In continuità con i temi trattati nell’incontro sulle montagne è stata la lectio magistralis, presso l'Officina della cultura e della creatività di Soveria Mannelli, affidata al direttore dello Svimez Luca Bianchi dal "Perché il Sud non gode degli stessi diritti del Nord". “I dati – spiegano - presentati danno un quadro netto quanto tragico del nostro Paese: nel periodo 2014-2017 la spesa sanitaria pro capite è di 1.581 euro per un cittadino del Sud contro i 1.900 per quelli del Centro-Nord.Dati troppo spesso assenti dal dibattito pubblico, allontanando così la centralità di un problema che si è fatto sentire particolarmente durante il periodo del Covid, che ha messo a nudo le debolezze del sistema sanitario nazionale. Alla prevedibile inadeguatezza delle strutture del Mezzogiorno si sono aggiunte le difficoltà del Settentrione, complici le riduzioni del personale medico e infermieristico”.

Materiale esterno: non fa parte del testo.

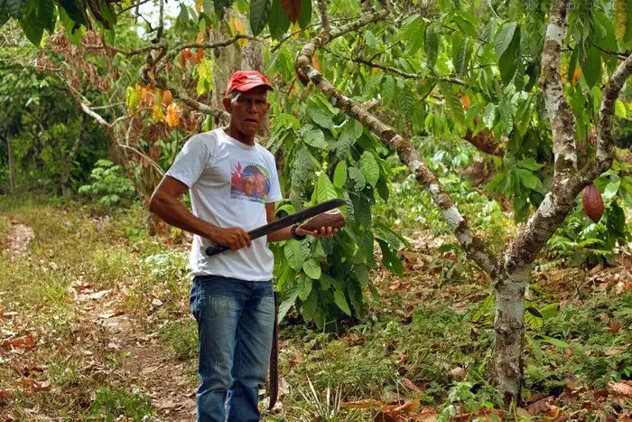 Частыми соседями для деревьев какао здесь становятся: банановая пальма, джекфрут, дерево пау-бразил и др.

E aggiungono “Ma non ci si ferma qui: si affrontano i temi del forte legame tra politica e sanità, che ha portato alla attuale condizione di inefficienza. Questo, allargandosi al comparaggio che infetta anche le università, porta alla paralisi di un sistema. I fenomeni in questione riguardano l'intera Italia, ovviamente con forte propensione per l'area del Mezzogiorno. Proprio nel Mezzogiorno Luca Bianchi ha viaggiato per quattro anni, toccando con mano tanta arretratezza: pendolari alle prese con treni-lumaca, madri calabresi e siciliane che non studiano e non lavorano perché costrette dalle circostanze a badare ai figli senza possibilità di dare una svolta alla propria vita”. “La soluzione prospettata – precisano - è semplice, ma solo a dirsi: superare ciechi orgogli locali fatti di lacrime di coccodrillo per iniziare un percorso di ripresa collettivo, magari attraverso un patto tra Sud e Nord. “Serve dunque partire dai diritti, - afferma Bianchi - quelli che per Costituzione devono essere pari in tutta la nazione e che siano soprattutto per i più deboli”.